Supplied material.
________________

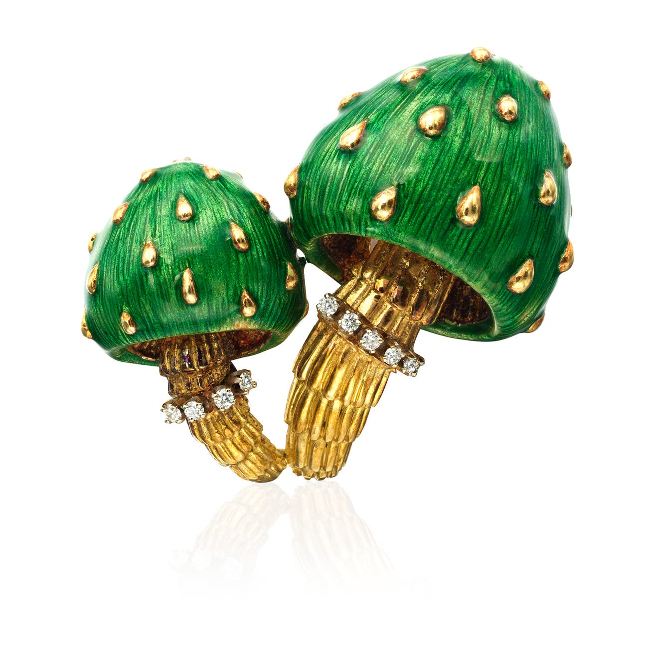 Gold studded mushroom caps with applied green enamel, accented by brilliant-cut diamonds, mounted in yellow gold, measuring approximately 2 x 1 3/4 inches.
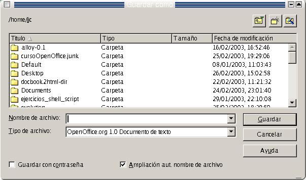 El aspecto del cuadro de diálogo Guardar Documento es el siguiente:
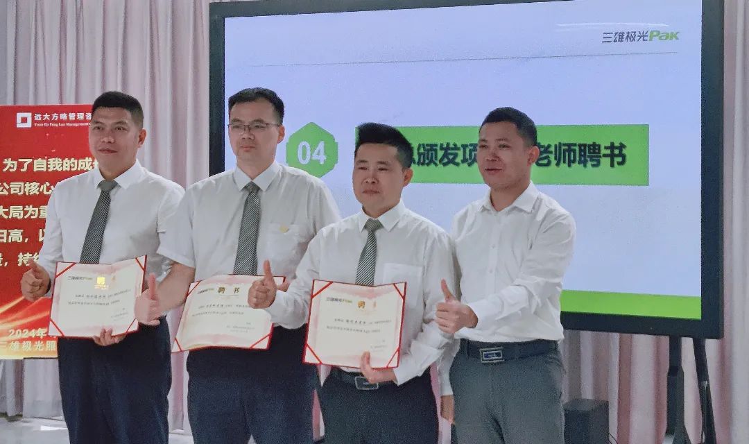隨后,唐總為遠大方略項目組老師頒發聘書,聘請項目組老師為此次項目改善的指導老師,全面推動此次項目開展。

________________

Work request. Here the job is to print all the data exactly, skipping any image.

Your response.
 Gold studded mushroom caps with applied green enamel, accented by brilliant-cut diamonds, mounted in yellow gold, measuring approximately 2 x 1 3/4 inches.
 El aspecto del cuadro de diálogo Guardar Documento es el siguiente:
隨后,唐總為遠大方略項目組老師頒發聘書,聘請項目組老師為此次項目改善的指導老師,全面推動此次項目開展。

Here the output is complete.